On Wed, 2011-03-09 at 13:38 -0800, Greg KH wrote:
> On Wed, Mar 09, 2011 at 02:33:31PM -0500, Eric Paris wrote:
> > There is no way to limit the capabilities of usermodehelpers. This problem
> > reared its head recently when someone complained that any user with
> > cap_net_admin was able to load arbitrary kernel modules, even though the user
> > didn't have cap_sys_module. The reason is because the actual load is done by
> > a usermode helper and those always have the full cap set. This patch addes new
> > sysctls which allow us to bound the permissions of usermode helpers.
> >
> > /proc/sys/kernel/usermodehelper/bset
> > /proc/sys/kernel/usermodehelper/inheritable
>
> Shouldn't these be documented somewhere? Documentation/ABI?

Yes, they should. Will do.

> > You must have CAP_SYS_MODULE to change these (changes are &= ONLY).
>
> Why that permission? Just because 'modprobe' is usually run from this
> callback? Or some other reason?

I don't have a good answer for this. I was originally looking at this
thinking about modprobe. Since it's a purely restrictive interface I
probably don't need something quite so strong. I'm trying to decide
what the implications are of usemode helpers being forced to run with
reduced permissions. Andrew, do you have thoughts?

> > When the kernel launches a usermodehelper it will do so with these as
> > the bset and pI.
>
> Shouldn't the caller of these functions be the ones dictating the
> capabilities it should be run with?

Yes.
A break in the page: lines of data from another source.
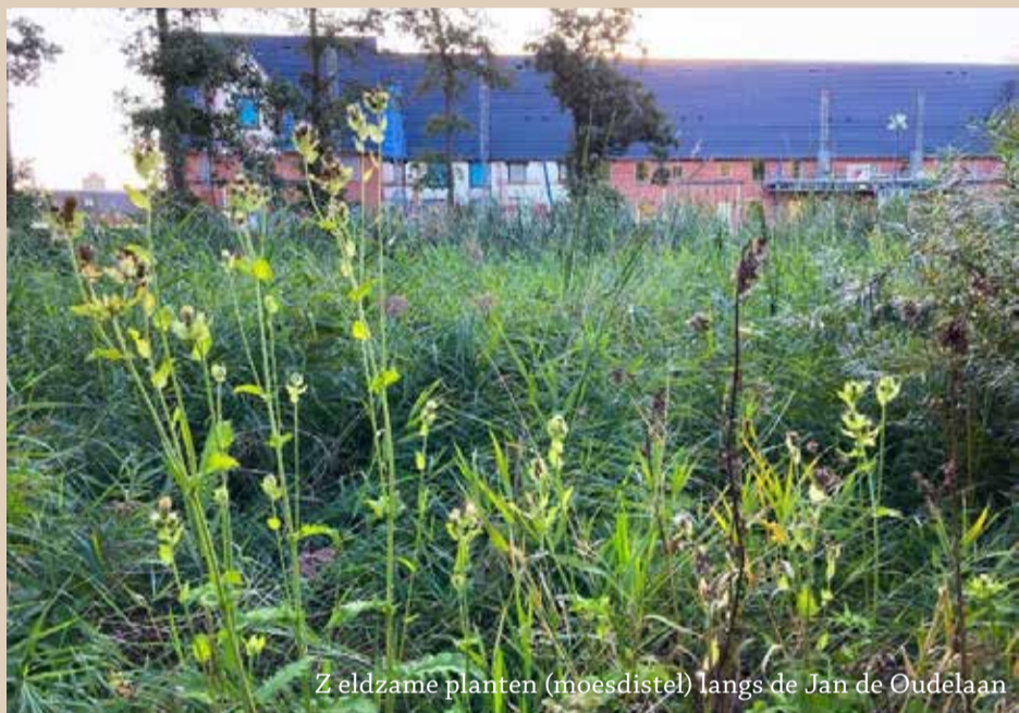
Zeldzame planten (moesdistel) langs de Jan de Oudelaan

Niet ieder groen wordt evenveel gewaardeerd. In het verleden is soms meer ruimte gegeven aan natuur waar eerst strakke gazons waren, denk aan de Koningin Emmalaan. Daar kwamen boze reacties op omdat men geen wildgroei van brandnetels wil. Wél hier en daar wat inheemse bloemen, geen massa brandnetels, riet en braamstruiken. De gemeente wil meer groen en natuur in de stad en ook bewoners kunnen hieraan bijdragen.
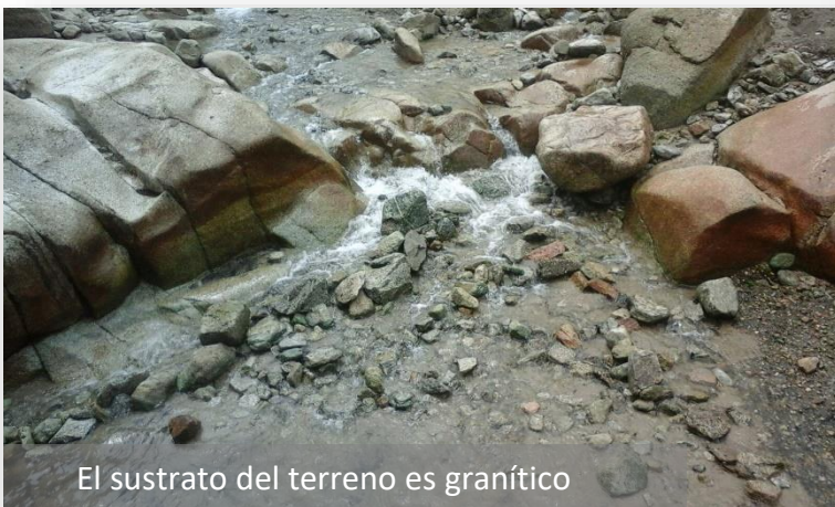
El sustrato del terreno es granítico

Hay que destacar que en periodos estivales de gran consumo también, como captación extraordinaria existe la Presa de Puente Alta, en Revenga. Desde allí hay otro transporte de agua hasta los Depósitos de Puente Alta que por gravedad llegará hasta nuestra ETAP donde se tratará adecuadamente.
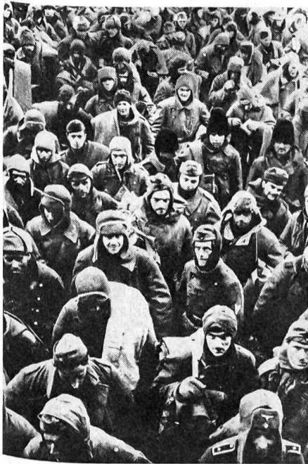
Eine Kolonne Stalingradgefangener, bestehend aus deutschen und rumänischen Soldaten

And no. It depends what you mean. The caps of the 'caller' task
are irrelevant. If I run ifconfig ipv6 I need CAP_NET_ADMIN but the
upcall needs CAP_SYS_MODULE. If I plug in a USB drive there is no
'caller' task which makes sense.

Now if by 'caller' you mean 'call site' then yes, we could probably
launch usermodehelpers with reduced privileged sets. We know in the
code when we are asking to launch modprobe that we are going to need
CAP_SYS_MODULE and don't need caps like CAP_SYS_RAWIO and CAP_MAC_ADMIN.
We know when we upcall to hotplug we don't really need any priv, since
it's another task that is going to do the real work. So yeah, there
might be some value in another patch to address this....

But neither solves the problem of being able to eliminate capabilities
from a machine globally. In olden times we had a global cap-bound but
it was dropped in favor of an inheritance from init type mechanism.
Since kthreads don't inherit from init we still end up with this patch.